M.P.: To był dopiero nasz trzeci mecz po powrocie z kwarantanny. Jesteśmy głodni gry i potrzebujemy maratonu spotkań, zresztą on się właśnie zaczyna. Od środy, w ciągu sześciu dni, rozegramy w Eurolidze trzy mecze. Z formą nie jest źle, ale kwarantanna wszystkim dała się we znaki, mimo, że większość z nas przechodziła zakażenie łagodnie. Przed powrotem do treningów wszyscy przeszli kompleksowe badania. U mnie płuca były i są czyste, serce bije jak dzwon i szybko wracam do formy. Na pewno jako drużyna potrzebujemy czasu, by grać tak, jak na początku sezonu.
Jak pan ocenia poziom europejskich rozgrywek w tej pandemicznej scenerii? Co jest największym problemem?

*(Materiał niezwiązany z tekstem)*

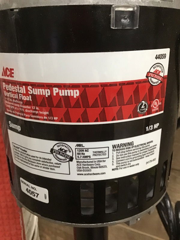 New in box, Ace Hardware 44059, 1/3 HP pedestal sump pump. Looks like these run $89 new.

M. P.: Zdecydowanie to, że gramy w pustych halach. Przecież normalnie występujemy dla ludzi, z kibicami wygląda wszystko zupełnie inaczej… W tej sytuacji codziennie robione testy PCR, czy kłopoty z podróżami, szczególnie dla nas, bo Rosja jest zamknięta totalnie, jeśli chodzi o połączenia międzynarodowe, schodzą na drugi plan. Dziwne czasy nastały. Nic nie poradzimy. Musimy być elastyczni i adaptować się do sytuacji.
W minionym sezonie miał pan kilka poważniejszych urazów i kontuzji. Jak się pan czuje fizycznie w obecnych rozgrywkach?
M.P. Wszystko jest OK. Przepracowałem mocno covidowy czas i przygotowania przed sezonem. Poza tym mamy inny zespół i każdy inaczej w nim funkcjonuje. To wszystko pomaga w budowaniu i utrzymaniu fizycznej formy. Mam nadzieję, że limit kontuzji i nieszczęśliwych wypadków (m.in. wstrząs mózgu po faulu rywala - red.) wyczerpałem w minionym sezonie.